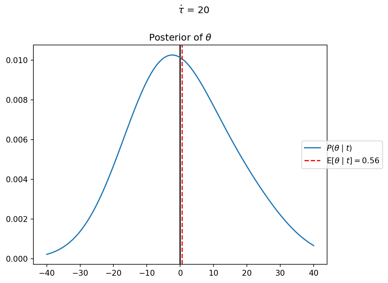 %reset -fimport jaximport jax.numpy as jnpfrom memo import memofrom enum import IntEnumfrom jax.scipy.stats.norm import pdf as normpdffrom jax.scipy.stats.cauchy import pdf as cauchypdffrom matplotlib import pyplot as pltnormpdfjit = jax.jit(normpdf)class Department(IntEnum): GOVERNMENT =0 ENGLISH =1 MATH =2t = jnp.array([1, -15, 30])sigma =15Theta = jnp.linspace(-40, 40, 200)@jax.jitdef professor_arrival_likelihood(d, theta):### likelihood of a professor from department d ### showing up t_d minutes early/late, ### under the hypothesis given by theta and sigma.return normpdf(t[d], theta, sigma)@memodef complete_pooling[ _theta: Theta,](mu=0, tau=1): president: knows(_theta) president: thinks[ department: chooses(d in Department, wpp=1), department: chooses(theta in Theta, wpp=normpdfjit(theta, mu, tau)) ] president: observes_event( wpp=professor_arrival_likelihood(department.d, department.theta))return president[Pr[department.theta == _theta]]mu_ =0tau_ =20res = complete_pooling(mu=mu_, tau=tau_)### check the size and sum of the output# res.shape# res.sum()fig, ax = plt.subplots()ax.axvline(0, color="black", linestyle="-")theta_posterior = restheta_expectation = jnp.dot(Theta, theta_posterior)ax.plot(Theta, theta_posterior, label=r"$P(\theta \mid t)$")ax.axvline( theta_expectation, color='red', linestyle='--', label=(r"$\operatorname{E}"+rf"[\theta \mid t]={theta_expectation:0.2f}$"))_ = ax.set_title(r"Posterior of $\theta$")_ = ax.legend(bbox_to_anchor=(0.9, 0.5), loc='center left')_ = plt.suptitle(fr"$\dot\tau$ = {tau_}", y=1)plt.tight_layout()plt.show()
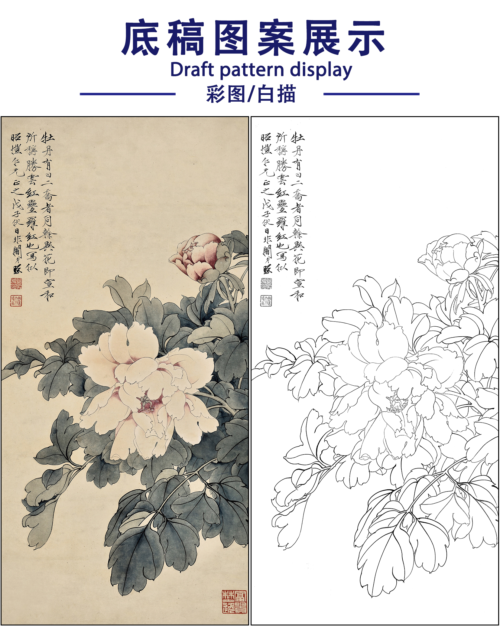 工笔画白描底稿于非闇花鸟《大富贵》临摹勾线高清打印稿FA36
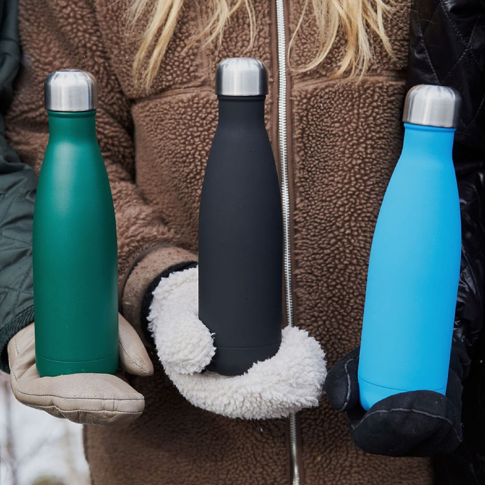Die stilvollste Flasche von Sagaform mit mattem Finish.. Die fortschrittliche Vakuumkonstruktion mit zwei Stahlwänden und einer Kupferbeschichtung sorgt für eine hervorragende Isolierung ohne Kondensation. Die Flasche kann Getränke bis zu 24 Stunden lang eiskalt oder bis zu 12 Stunden lang heiß halten.
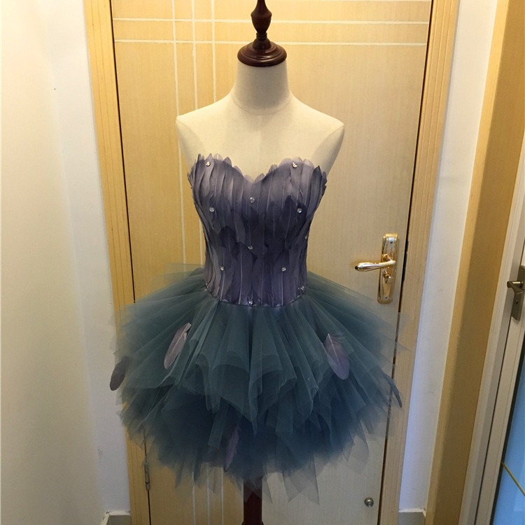 Gaun malam bulu pengiring pengantin wanita, gaun pendek pesta ulang tahun pertunjukan pesta makan malam prom, Gaun Malam bulu pengiring pengantin ramping abu-abu
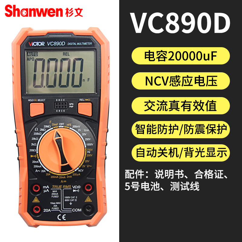 胜利万用表VC890D/C+数字高精度全自动电工万能表数显式万用表
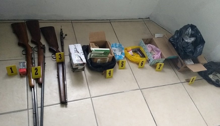 Durante el cateo se aseguró 1 arma corta calibre .22 y 3 armas largas calibre .22, 100 cartuchos calibre .12; 50 cartuchos calibre .380; 146 cartuchos calibre .20; 35 cartuchos calibre .16; 52 cartuchos calibre .410., y 168 cartuchos calibre .22.
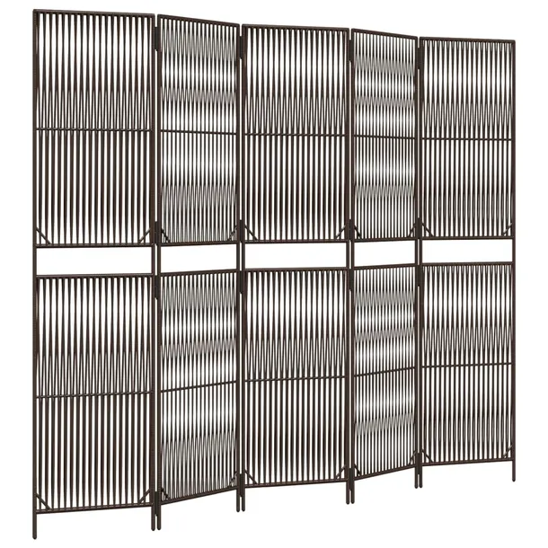 Parawan 5-panelowy, brązowy, polirattan
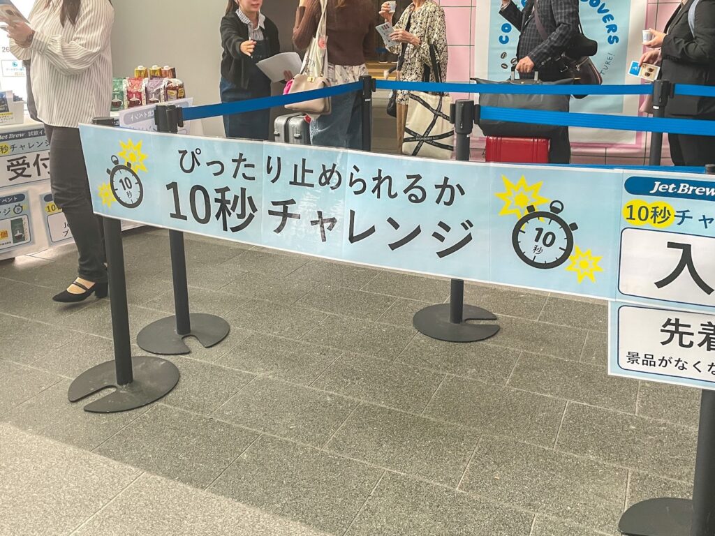 よーい、スタート! で10秒計測します。結果はどうだったかな? 参加賞として「JET BREW」1杯分をプレゼントしてくれます。
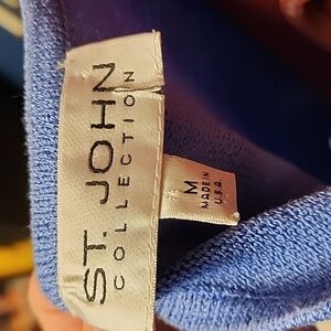 Fresh from the cleaners is this beautiful baby blue St John blouse and pant set.
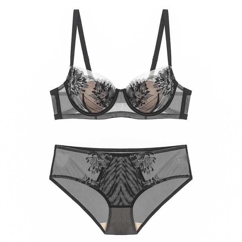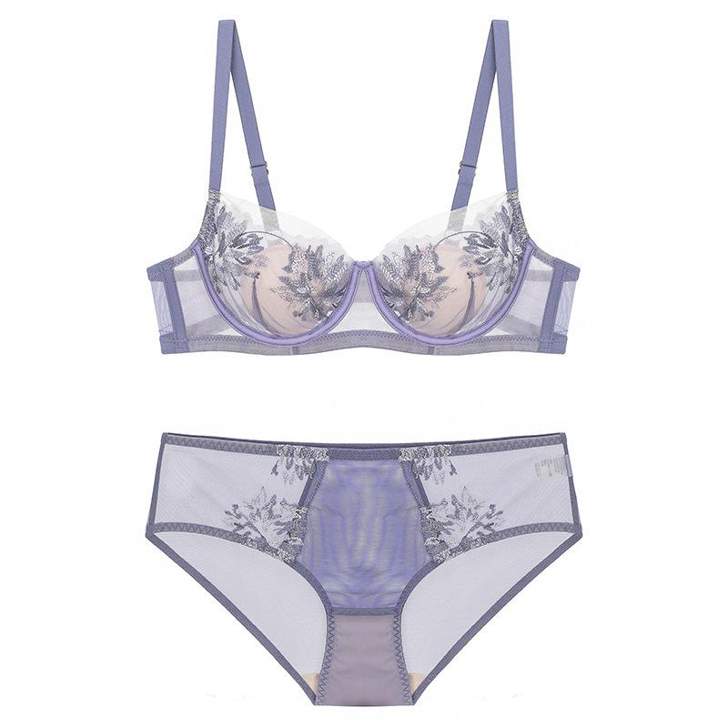 Ropa Interior Estilo Francés Sexy Delgada Encaje Bordado Orejas de Conejo Ropa Interior Malla Pecho Grande Pequeño Anticaída Traje de Brasier
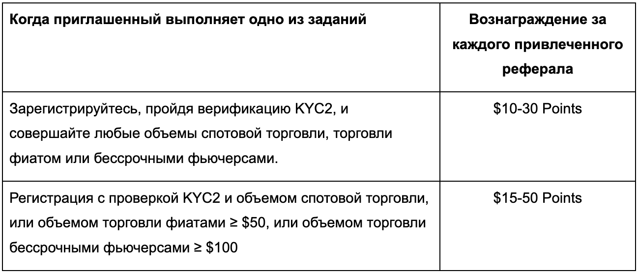 Пригласите нового пользователя зарегистрироваться, пройдя верификацию KYC2 и выполнив задания, и получите вознаграждение и комиссию в размере до 40% от торговой комиссии за каждого приглашенного.
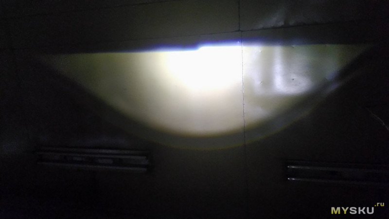 Светодиод дальнего рассчитан на работу со штатным отражателем фары, так что показать как светит не получится, ибо в фару под лампочки H4 я данные лампочки ставить не собираюсь. Ну а ближний светит вот так:
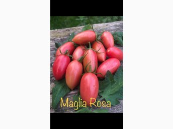 Maglia Rosa. Blir mängder med avlånga rosaaktiga tomater.
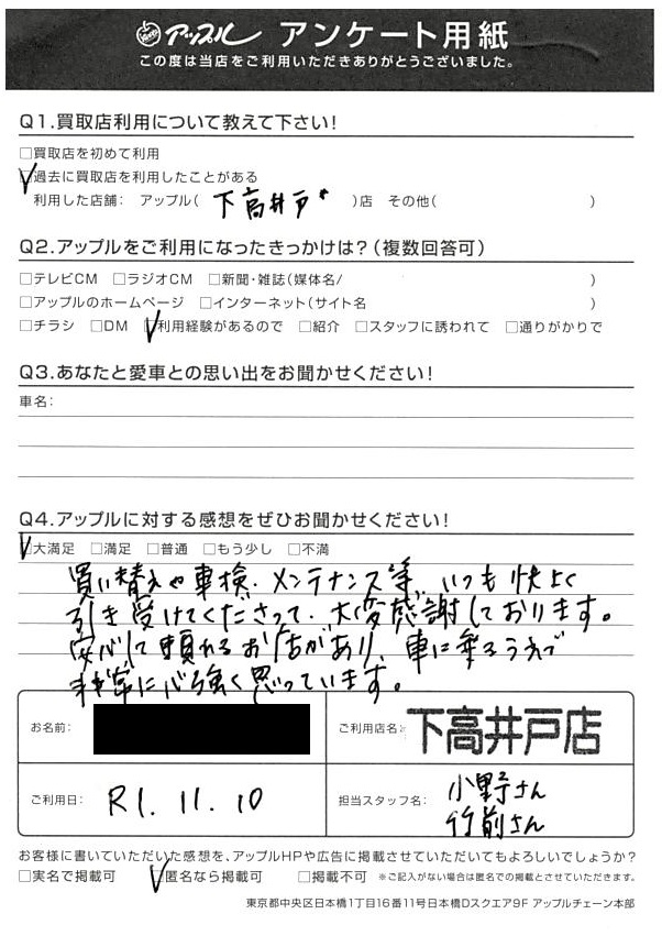 東京都世田谷区 ご利用日:2019/11/10 N様 車名:BMW 1シリーズ
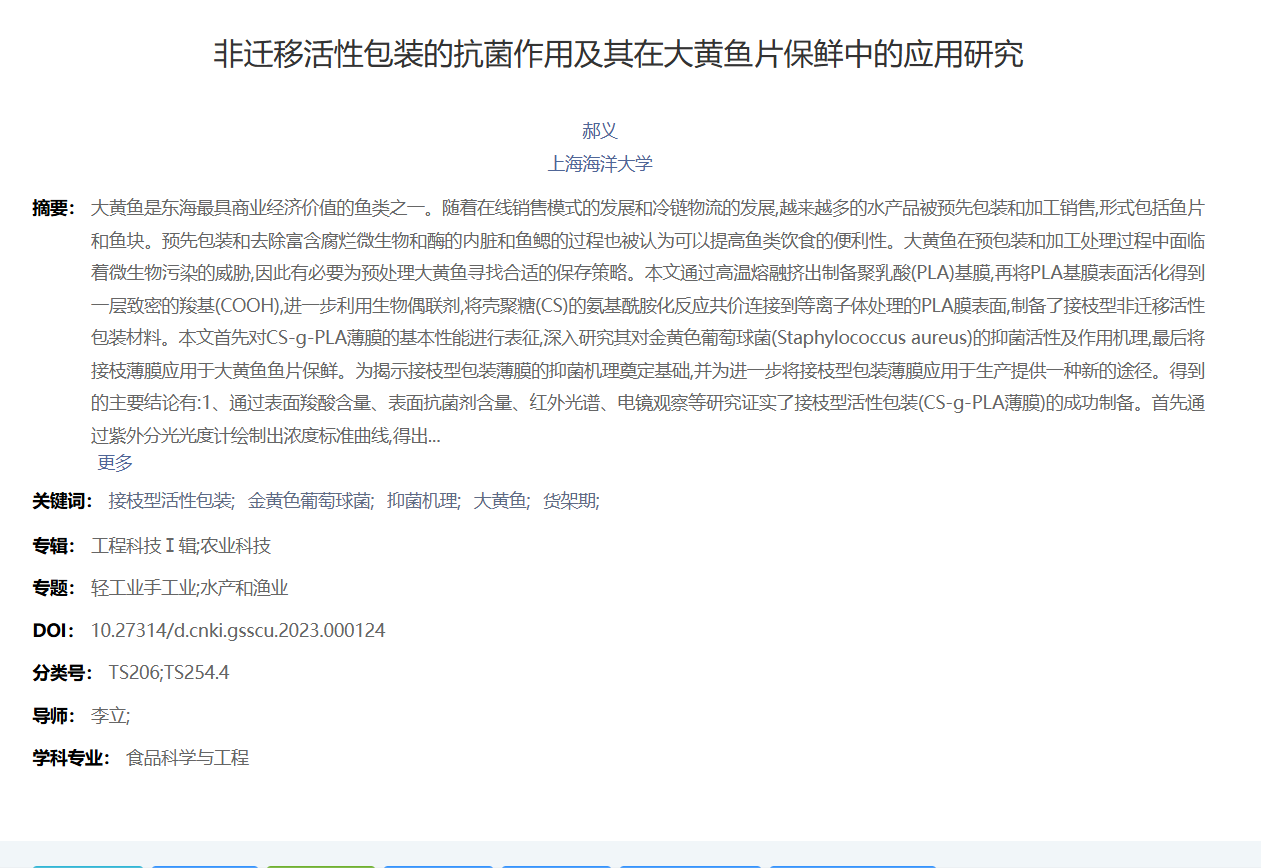 郝义,男,汉族,中共党员,安徽新华学院财会与金融学院财务管理专业2020届校友。2023年6月获上海海洋大学工学硕士学位,博士现就读于上海大学。近年来在ACS Sustainable Chemistry &Engineering(封面文章,中科院Q1)、LWT - Food Science and Technology(中科院Q1)、Comprehensive Reviews in Food Science and Food Safety(中科院Q1)、Food Packaging and Shelf Life(中科院Q1)、包装工程等国内外核心期刊上累计发表论文9篇,LWT - Food Science and Technology、International Journal of Environment and Climate Change等期刊审稿人;参编应急类教材一篇,获第五届“中国包装创新”奖学金。
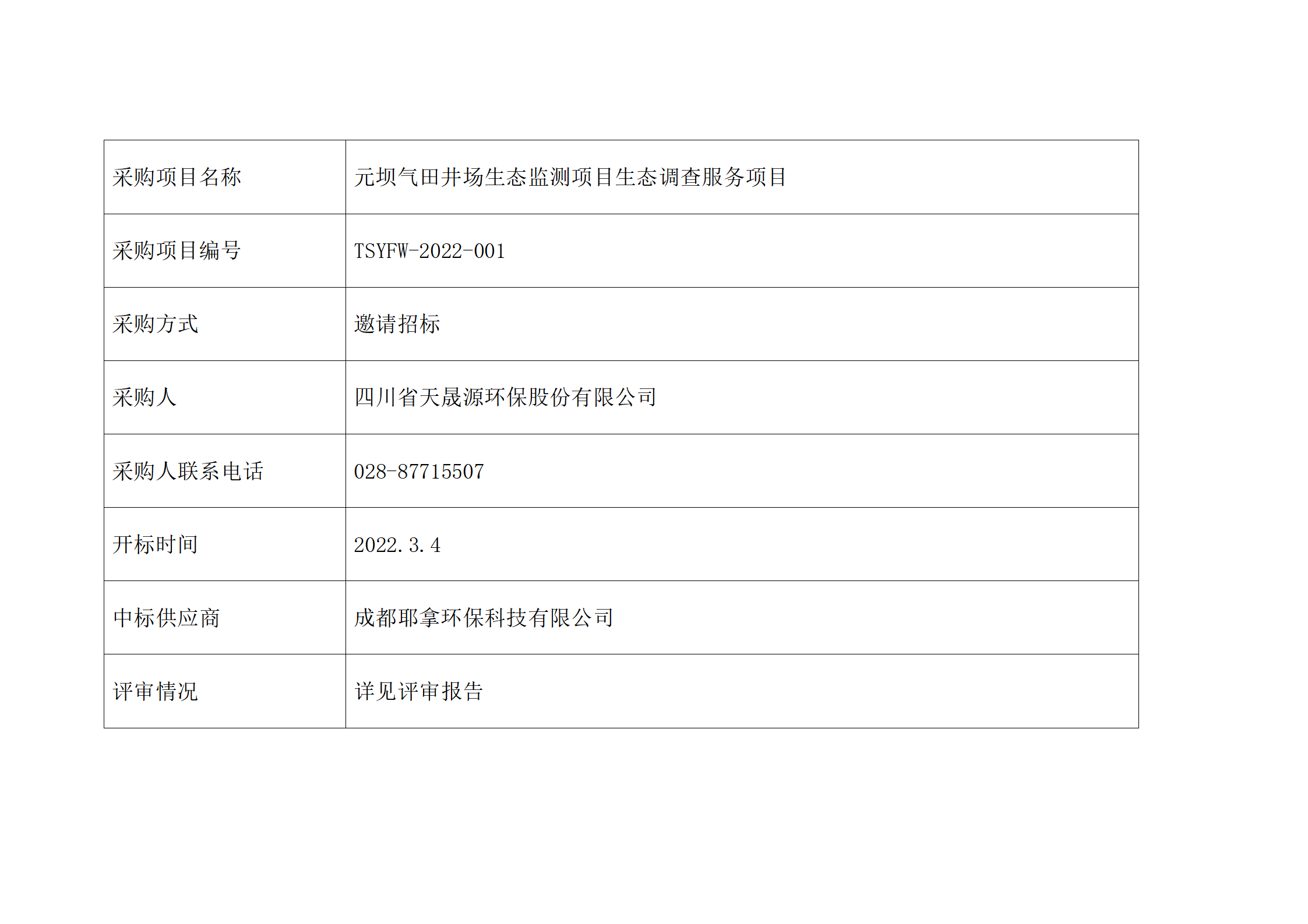 元坝气田井场生态监测项目生态调查服务项目招标结果公示表
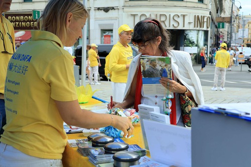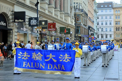 Practitioners also held a parade in the centre city of Vienna. The Tian Guo Marching Band led the parade and practitioners demonstrated the Falun Dafa exercises and carried banners which had information about Falun Dafa. The goal was to tell people about Falun Dafa and raise public awareness of the ongoing persecution in China.
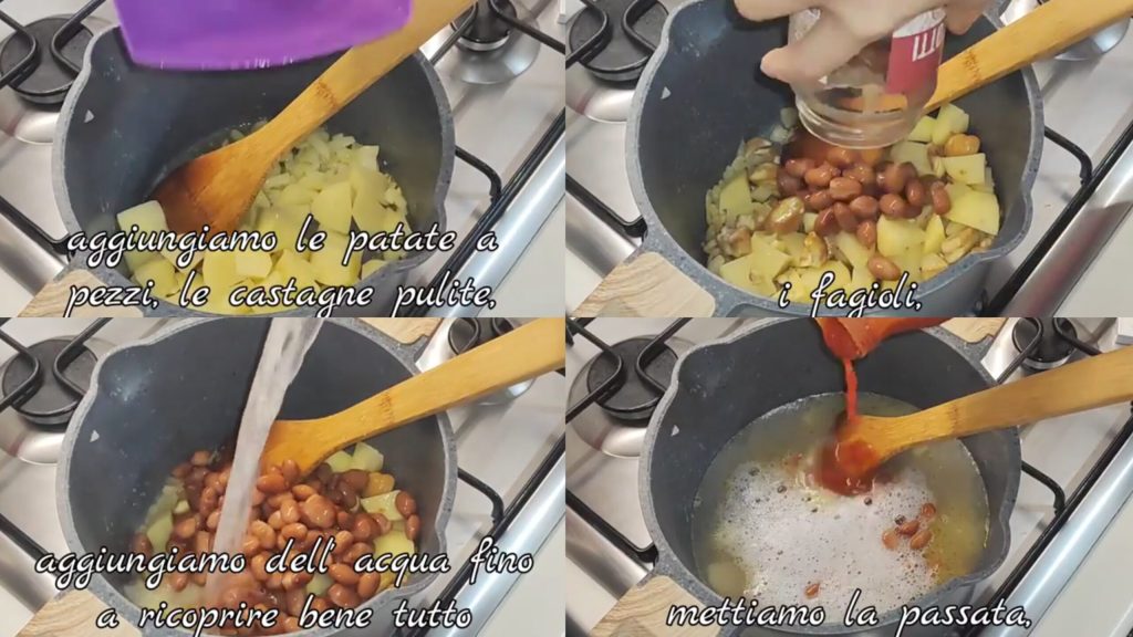 Adicionamos as batatas cortadas em pedaços e as castanhas já limpas. Colocamos também os feijões escorridos, depois cobrimos com água. Adicionamos o purê,
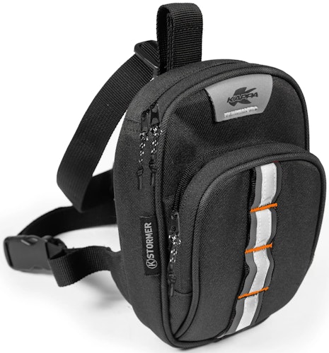 Die KAPPA Beintasche STO105 KSTORMER ist die ideale Lösung für Motorradfahrer, die schnellen Zugriff auf wichtige Kleinteile wie Ausweise, Geldbeutel oder Schlüssel benötigen. Sie verfügt über verstellbare Gurte für eine sichere Befestigung an Bein und Taille, was einen festen Sitz während der Fahrt garantiert. Die atmungsaktive Rückwand sorgt auch bei längeren Fahrten für einen hohen Tragekomfort, während die Fronttasche für eine übersichtliche Organisation sorgt. Für die Sicherheit bei Nachtfahrten ist die Tasche mit reflektierenden Einsätzen ausgestattet. Mit einem Volumen von 1 Liter ist sie kompakt und stört nicht beim Fahren, bietet aber dennoch ausreichend Platz für das Nötigste.
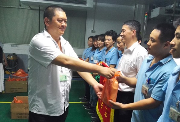 6月3日,由5S戰(zhàn)役動(dòng)力隊(duì)大隊(duì)長(zhǎng)黃冬菊及維修環(huán)保區(qū)隊(duì)長(zhǎng)楊健康為本次專項(xiàng)評(píng)審的第一名——挑戰(zhàn)隊(duì)頒發(fā)錦旗與戰(zhàn)利品。
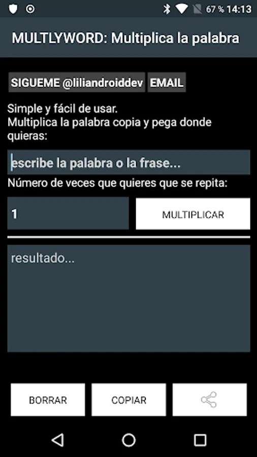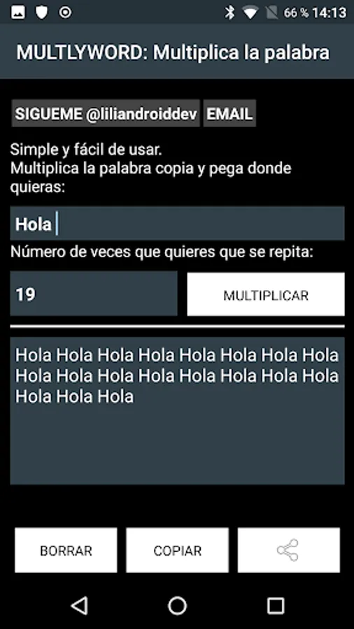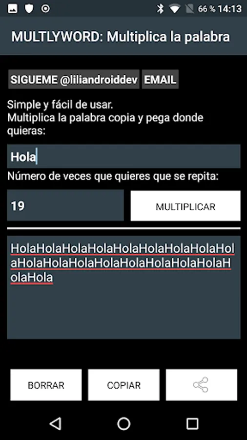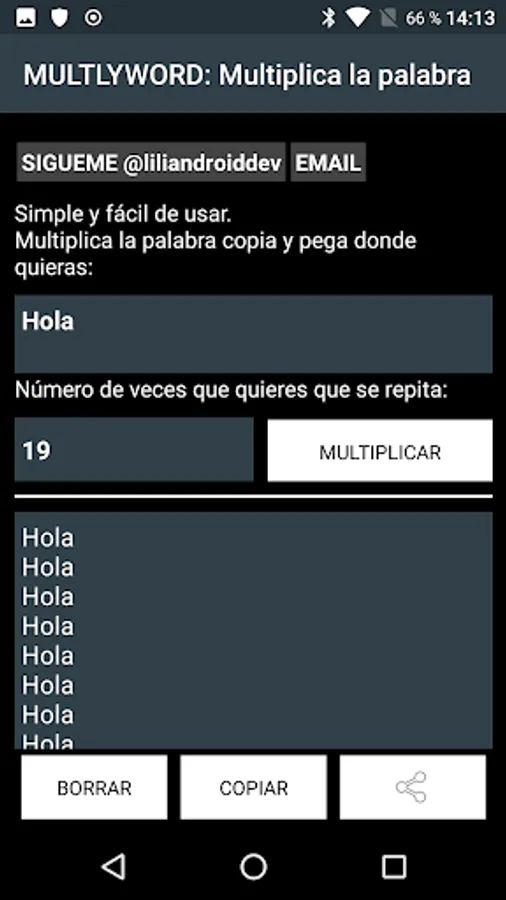 With this app you can multiply the letters, words or phrases to share with different message applications.

* * *

**PROBLEM STATEMENT**
The result should be an exact copy of only the lines above from the one that holds "Maglia Rosa. Blir" through the one that holds "Sustainable Chemistry &Engineering(封面文章,中科院Q1)、LWT", both ends included, without pictures.

**FINISHED EXERCISE**
 Maglia Rosa. Blir mängder med avlånga rosaaktiga tomater.
 東京都世田谷区 ご利用日:2019/11/10 N様 車名:BMW 1シリーズ
 郝义,男,汉族,中共党员,安徽新华学院财会与金融学院财务管理专业2020届校友。2023年6月获上海海洋大学工学硕士学位,博士现就读于上海大学。近年来在ACS Sustainable Chemistry &Engineering(封面文章,中科院Q1)、LWT - Food Science and Technology(中科院Q1)、Comprehensive Reviews in Food Science and Food Safety(中科院Q1)、Food Packaging and Shelf Life(中科院Q1)、包装工程等国内外核心期刊上累计发表论文9篇,LWT - Food Science and Technology、International Journal of Environment and Climate Change等期刊审稿人;参编应急类教材一篇,获第五届“中国包装创新”奖学金。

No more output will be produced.